New Illinois Civil Union Law Impacts Estate Planning Considerations

Illinois has recently joined a growing number of states which allow same-sex couples (and opposite-sex couples who have elected not to become married), to have the same rights and obligations as couples who are married, by entering into a Civil Union.

What Does the Act Say?

The Illinois Religious Freedom and Civil Union Act, which was recently signed into law provides, that any couple residing in the State of Illinois may enter into a Civil Union in much the same manner as a couple that elects to get married: they obtain a license from the County Clerk, and the Civil Union is then certified by an official specified in the Act. Similarly, a Civil Union can be dissolved on the same basis and in the same manner as a traditional marriage.

The Act does not interfere with or regulate religious practices, but it does grant to couples entering into a Civil Union the “same legal obligations, responsibilities, protections and benefits” as are afforded to “spouses” under Illinois law. The rights that parties entering into a Civil Union will now enjoy include:

  • The right to inherit from the other party to the Civil Union if there is no Will in the same priority as a spouse; that is the entire estate if there are no children or one-half (1/2) of the estate if there are children.
  • The right to elect to receive a specified percentage of the deceased partner’s estate, even if the deceased partner’s Will does not provide for the surviving partner.
  • The right to visit a partner who is hospitalized and to make health care decisions for the partner, absent a valid health care power of attorney to the contrary.
  • Certain rights with respect to real property, including the right to have a residence owned between the partners as “tenants by the entirety”.
  • The right to make funeral arrangements and decisions regarding disposition of a deceased partner’s remains.
  • The right to file a joint state income tax return.

Are Federal Rights Impacted by the Act?

Even though the new law provides broad protection to couples who enter into Civil Unions, it does not affect federal law. Under the Defense of Marriage Act (“DOMA”), only a marriage that was validly entered into between a man and a woman will be recognized for federal law purposes. As a result, same-sex couples who are married or enter into a Civil Union cannot claim the benefits of federal law, including:

  • The right to file a joint federal income tax return.
  • The right to a “marital deduction” for federal gift or estate tax purposes on transfers between spouses. As a result, any lifetime gifts in excess of the annual exclusion ($13,000) per year will be treated as a taxable gift and will reduce the donor’s exemption equivalent (currently $5,000,000) for estate and gift tax purposes.
  • The right to treat any gifts from one partner to a third party as if such gifts were made one-half (1/2) by each partner.
  • The right to be the required beneficiary under an employee benefit (pension, profit sharing or 401(K) plan, established under the Employee Retirement Income Security Act (“ERISA”).
  • The right to receive survivor social security benefits.
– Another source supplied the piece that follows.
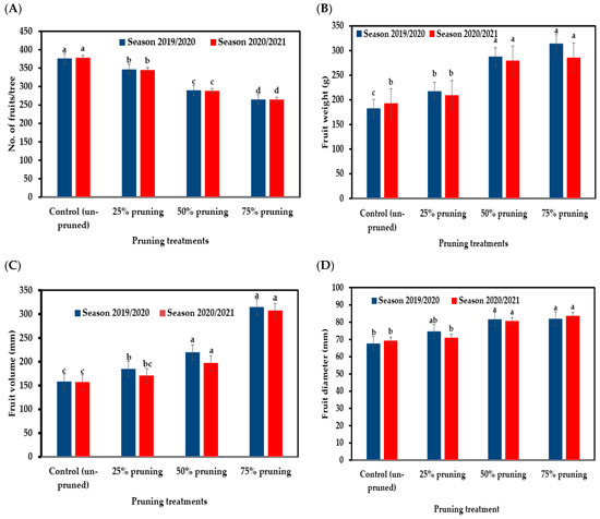 Effect of pruning severity on: (A) number of fruits/tree, (B) fruit weight (g), (C) fruit volume and (D) fruit diameter (mm) of ‘Valencia’ orange trees during 2019/2020 and 2020/2021 seasons. T1: control, T2: light pruning, T3: moderate pruning and T4: heavy pruning. The bars represent average values plus or minus the standard error (n = 12). Distinguishing letters above the columns indicate that there are significant differences between the pruning treatments at a significance level of p < 0.05 based on Bartlett’s test.
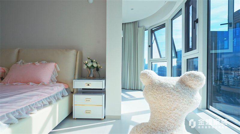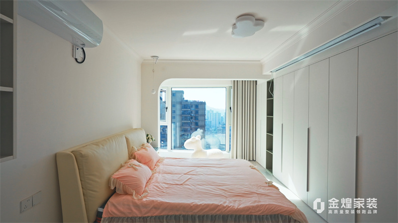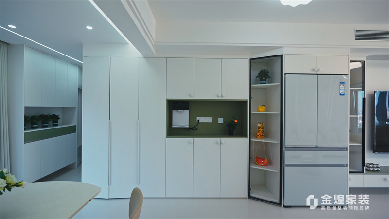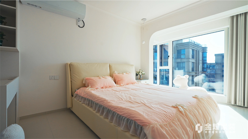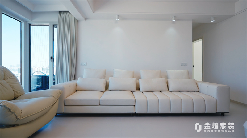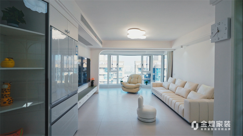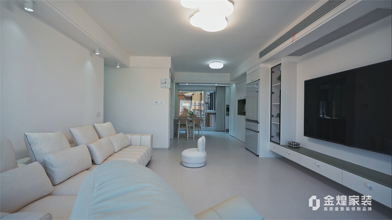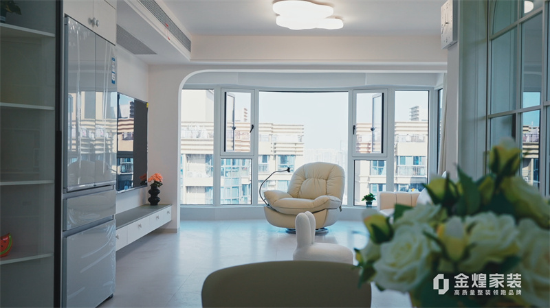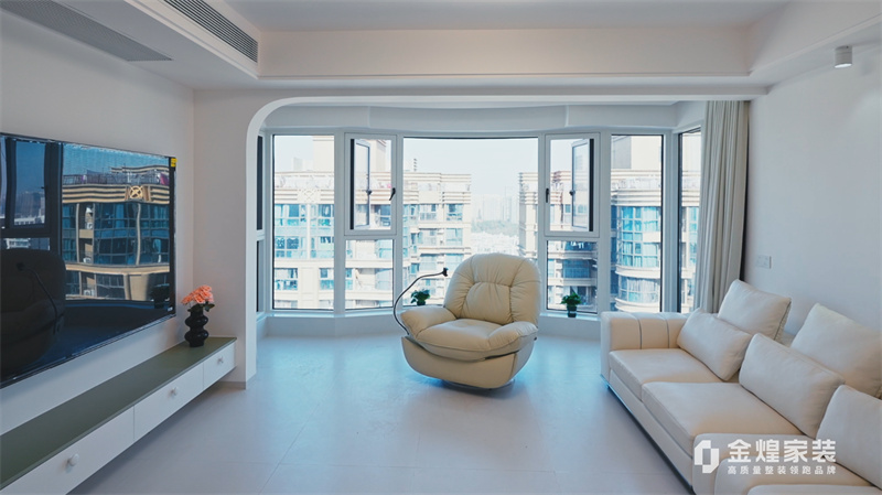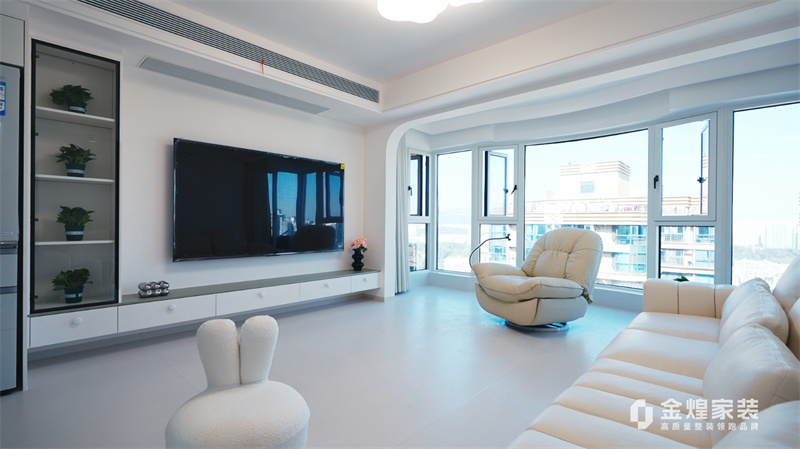 客廳內,大電視直接掛在墻上,下方配以簡約的電視柜,旁邊擺放著舒適的沙發(fā)和別致的休閑椅,沒有過多的繁雜裝飾,顯得寬敞又明亮。大窗戶的設計讓室內光線充足,進一步增強了空間的通透感。

Should it Change My Estate Plan?

The net result of the new law is that both same sex-couples and opposite-sex couples can receive many of the same benefits as married couples in Illinois. However, in order to insure that their objectives are fully carried out, they should seek the advice of legal counsel to discuss whether their current estate planning documents will help carry out their intentions and whether they should consider an agreement to provide for the ownership of their residence and other common property and possible payment of support in the event of the termination of their relationship.